Depuis 1984, au moins 16 épisodes
confirmés d’IPM y ont été recensés.
Les derniers cas d’IAM recensés au Québec
sont survenus en 1987, lesquels avaient été associés
à la consommation de mollusques provenant de l’Île-du-Prince-Édouard.
Enfin, aucun cas d’IDM n’a encore
été rapporté au Québec32.
En 1998, la découverte inattendue de nouvelles toxines
dans des mollusques des Îles-de-la-Madeleine, et notamment
de celles responsables de l’intoxication diarrhéique,
a alerté les chercheurs de l’Agence canadienne d’inspection
des aliments. Ceux-ci ont mesuré la présence de
la substance en cause dans les glandes digestives de moules et
d’autres mollusques en provenance de divers secteurs coquilliers.
Une proportion d’environ 10 % des échantillons s’est
révélée contaminée par les toxines
diarrhéiques. De ce nombre, 56 % avaient été
prélevés hors du territoire des Îles-de-la-Madeleine,
démontrant que la contamination notée pour la première
fois à l’été 1998 pouvait toucher d’autres
zones de cueillette au Québec. La présence de ces
toxines pourrait être attribuable, comme ailleurs dans l’Est
du Canada, à l’algue Prorocentrum lima,
d’ailleurs détectée dans les moules analysées.
Cependant, lors de leurs travaux, les chercheurs ont également
fait la découverte de Prorocentrum mexicanum, une algue
de la même famille dont la présence était
ignorée dans la région, puisqu’elle est habituellement
retrouvée à des latitudes plus méridionales.

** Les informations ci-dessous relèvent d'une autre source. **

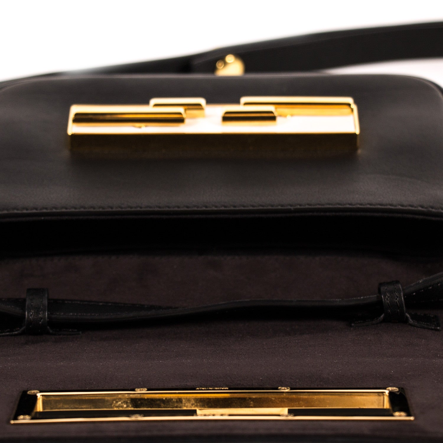 Details: Black Calf Leather / Gold-Tone Hardware / Single Adjustable Shoulder Strap / Black Fabric Lining At Interior Compartment / Black Suede At Interior Flap / Dual Flat Pocket At Interior / Dual Turn-Lock Fastening At Front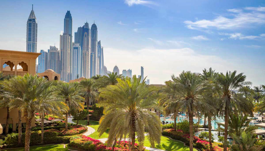 Фишка: архитектура в стиле марокканского дворца, 65 акров тенистых садов и один из самых уединенных пляжей в Дубае.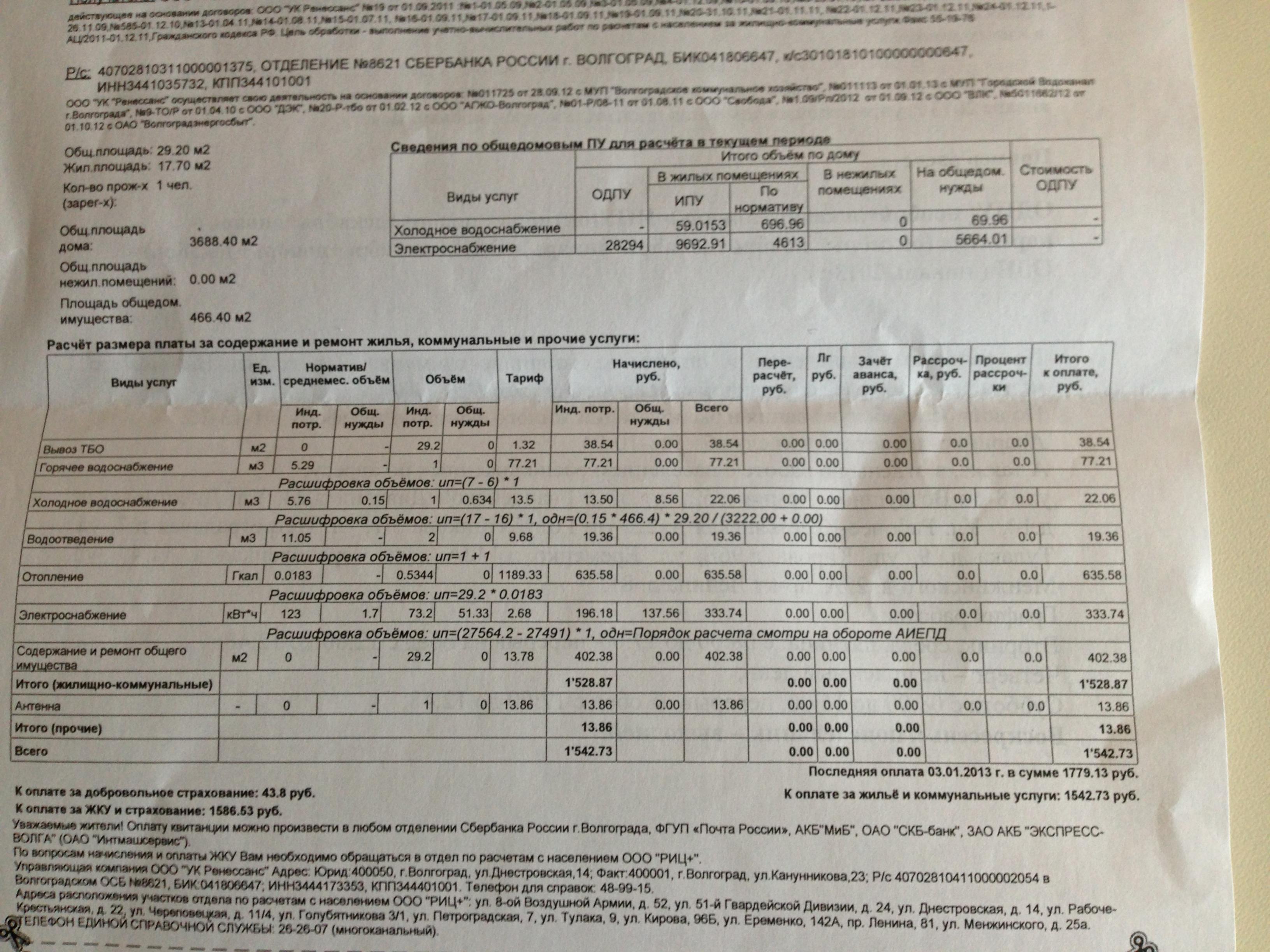 amnesiac, там же в платёжке 333р за электроэнергию, какие доплаты? Просто в квартире, судя по всему, почти не живут. PS: А вот что такое добровольное страхование... ?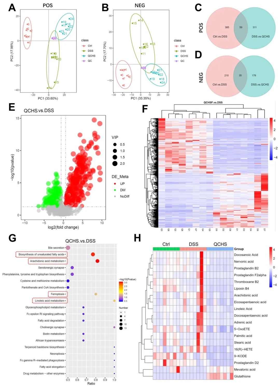 Figure 4:明确了 QCHS 对 UC 小鼠粪便代谢组的调控特征,证实 QCHS 可显著改变 UC 小鼠代谢谱,差异代谢物显著富集于铁死亡等脂质代谢相关通路,可显著上调铁死亡关键调控分子 GSH 的水平,提示 QCHS 可靶向调控 UC 的铁死亡代谢进程。
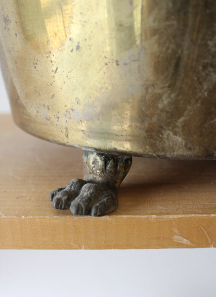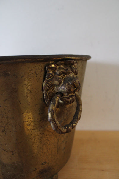 Vintage Brass Lion Handled Footed Planter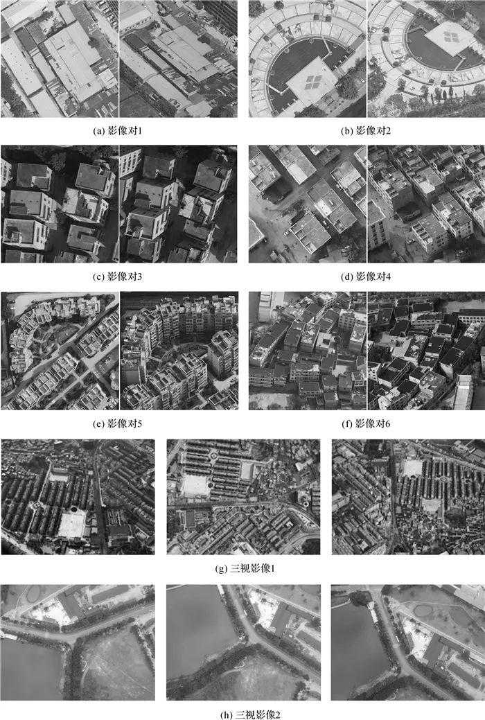 为了验证本文算法的有效性,分别采用6对典型的局部影像块、一组原始大小的三视航空倾斜影像和一组原始大小的三视无人机影像进行特征点匹配试验。如图9所示:(a)和(b)所示分别为平房和广场区域倾斜像对,其中参考影像为下视影像,搜索影像为斜视影像;(c)所示为无人机影像对;(d)—(f)所示均为倾斜影像,其中(d)和(e)中参考影像为下视影像,搜索影像为斜视影像,(f)中参考影像和搜索影像均为斜视影像;(g)所示为三视航空倾斜影像;(h)所示为三视无人机影像。试验数据详细信息见表1。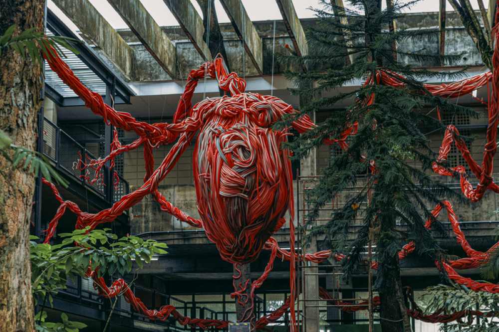 “Visceral” é uma instalação em forma de um enorme coração com artérias que se conectam ao espaço expositivo. Ela propõe uma metáfora de transformar a cidade em um organismo vivo, com veias que carregam histórias, corpos e emoções. Fruto de um processo coletivo e transdisciplinar, a obra nasceu durante uma disciplina de Tridimensionalidade, cresceu e deu origem ao Coletivo e à exposição.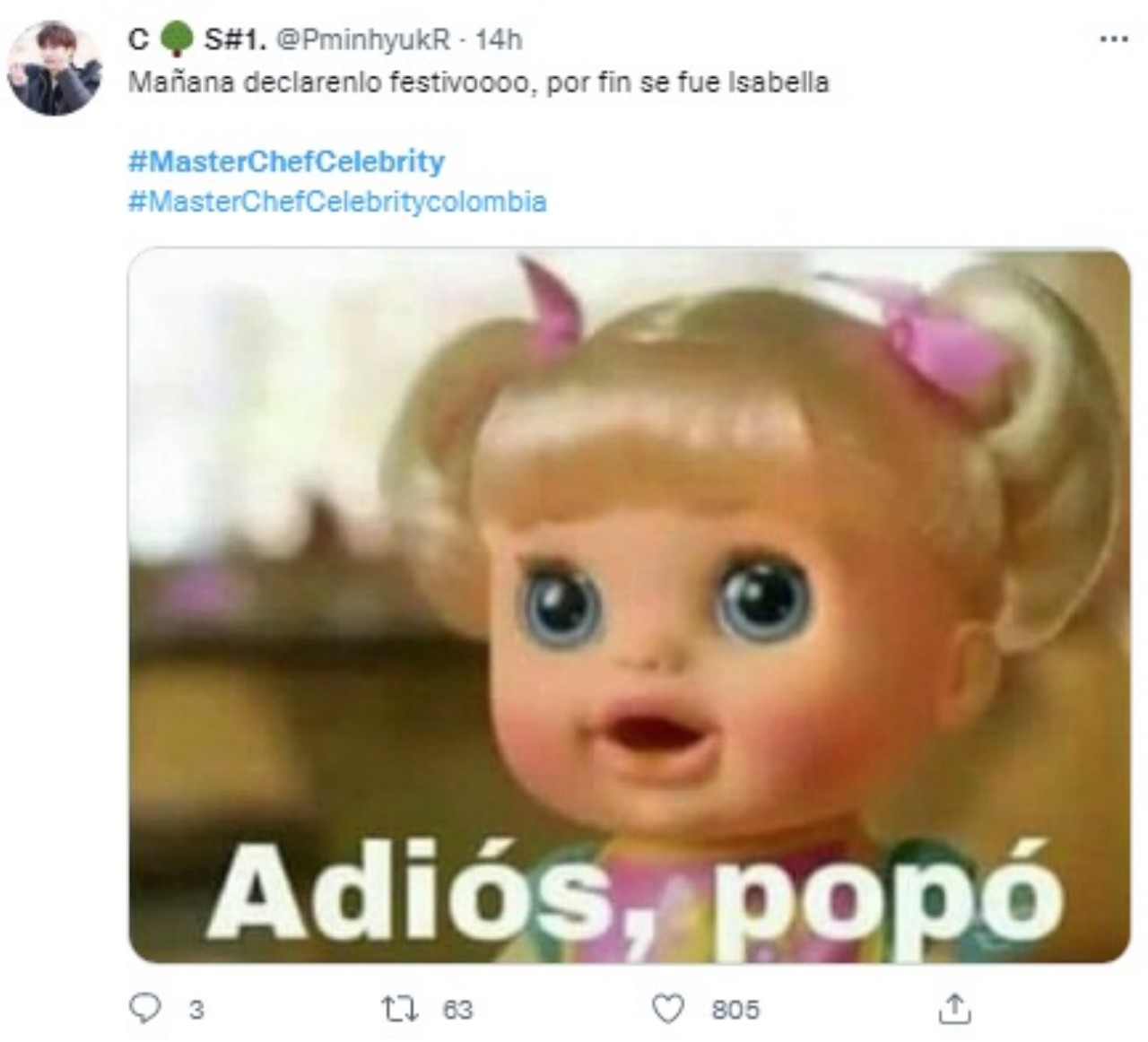 Por su parte, Chicho Arias, Carlos Báez y Estiwar G, se encontraban en el balcón con el puesto asegurado entre los seis mejores cocineros de esta temporada. Pero algunos dejaron más de un meme por la reacción luego de que dieran el nombre de Isabella.
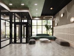 • Премиальный дизайн входных групп реcепшн и лаунж-зоной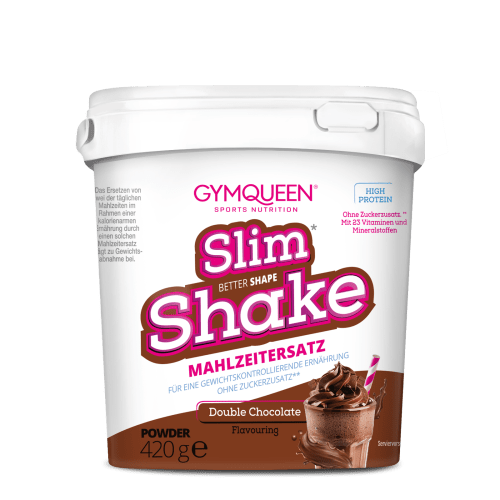 Slim Shake Mahlzeitersatz-Shake Pulver von GYMQUEEN mit Double Chocolate Geschmack in der 0.42KG Packung. Verzicht war gestern, ab jetzt heißt es kalorienarm schlemmen und genießen! Mit unserem angenehm süßen Slim¹ Shakes kannst du eine komplette Mahlzeit ersetzen und dabei ganz schön Kalorien sparen.¹ Mit nur 250 kcal pro Portion versorgt dich der Slim¹ Shake mit unglaublichen 21 g Protein und einer Mischung aus wertvollen Vitaminen und Mineralstoffen wie Vitamin D, Vitamin B12, Folsäure, Eisen und Calcium. Für die unfassbar cremige Konsistenz sorgt Glucomannan, ein Ballaststoff aus der Konjakwurzel, der viele positive Eigenschaften mit sich bringt. Unser Slim¹ Shake kann übrigens mehr als nur beim Abnehmen helfen.¹ Da die Zubereitung gerade mal 30 Sekunden dauert, eignet sie sich auch perfekt als Mahlzeitenersatz und versorgt dich somit auch an stressigen Tagen mit den nötigen Nährstoffen und Vitaminen. ¹Wenn du dein Gewicht reduzieren möchtest, solltest du zwei Hauptmahlzeiten pro Tag durch einen Slim Shake ersetzen. Ist es dein Ziel, dein Gewicht zu halten, genügt es, eine Hauptmahlzeit durch einen Abnehm-Shake pro Tag zu ersetzen. Dazu solltest du die Zubereitungsempfehlung einhalten. Achte auf eine ausreichende Flüssigkeitsaufnahme, am besten in Form von Wasser. Der Shake erfüllt nur im Rahmen einer kalorienreduzierten Ernährung den angestrebten Zweck, deshalb solltest du darauf achten, dass andere Lebensmittel Teil der Ernährung sind. Bei Langzeitverwendung und Allergien wird empfohlen ärztlichen Rat einzuholen. Nährwerte für eine Portion Slim¹ Shake Vanilla mit Milch (1,5 % Fett): Durchschnittliche Nährwerte pro Portion (30 g Pulver + 275 ml Milch (1,5 % Fett)) Energie 1031 kJ / 246 kcal Fett 7,5 g davon gesättigte Fettsäuren 3,9 g Kohlenhydrate 23 g davon Zucker 17 g Ballaststoffe 1,2 g Eiweiß 21 g Salz 0,66 g Vitamine und Mineralstoffe pro Portion (30 g Pulver + 275 ml Milch (1,5 % Fett)) % Nährstoffreferenzwerte Vitamin A 284 µg 35 % Vitamin D 2 µg 34 % Vitamin E 4 mg 34 % Vitamin K 25 µg 34 % Vitamin C 28 mg 35 % Thiamin 0,4 mg 37 % Riboflavin 1 mg 46 % Niacin 5 mg 34 % Vitamin B6 1 mg 36 % Folsäure 74 µg 37 % Vitamin B12 1,3 µg 52 % Biotin 17 µg 34 % Pantothensäure 2 mg 34 % Kalium 916 mg 46 % Calcium 273 mg 34 % Phosphor 740 mg 106 % Magnesium 162 mg 43 % Eisen 19 mg 134 % Zink 3 mg 34 % Kupfer 0,3 mg 35 % Mangan 1 mg 34 % Selen 19 µg 35 % Jod 50 µg 34 % So lecker und vielfältig war Abnehmen¹ noch nie! Unser Slim¹ Shake besitzt einen hohen Proteingehalt und versorgt dich mit wichtigen Vitaminen und Mineralien sowie einer einzigartig cremigen Textur. Und das bei gerade mal 250 kcal pro Portion! Eine Portion des Slim¹ Shakes ersetzt eine vollwertige Mahlzeit und trägt so zur Gewichtsabnahme bei.¹

Ils ont constaté que sous certaines conditions environnementales,
cette algue pouvait se retrouver dans les glandes digestives des
moules d’élevage33.
Contamination par les substances chimiques
Une évaluation du risque pour la santé associé
à la présence de substances chimiques dans les mollusques
a aussi été réalisée, en 1997, entre
Tadoussac et Baie-Trinité, sur la Côte-Nord. La majorité
des contaminants chimiques alors recherchés dans les échantillons
de myes ont été détectés. L’exposition
aux contaminants chimiques lors de la consommation de myes a été
évaluée à partir de différents scénarios
de consommation. Les résultats ont fait ressortir que les
substances chimiques susceptibles d’entraîner des
effets toxiques avec seuil, tels les effets systémiques
non cancérogènes, étaient présentes
à des concentrations trop faibles pour qu’une consommation
régulière de myes entraîne un risque à
la santé, même chez le consommateur régulier34.


Quelques cas d’intoxication sont recensés
chaque année parmi
les gens qui s’adonnent à la récolte de mollusques.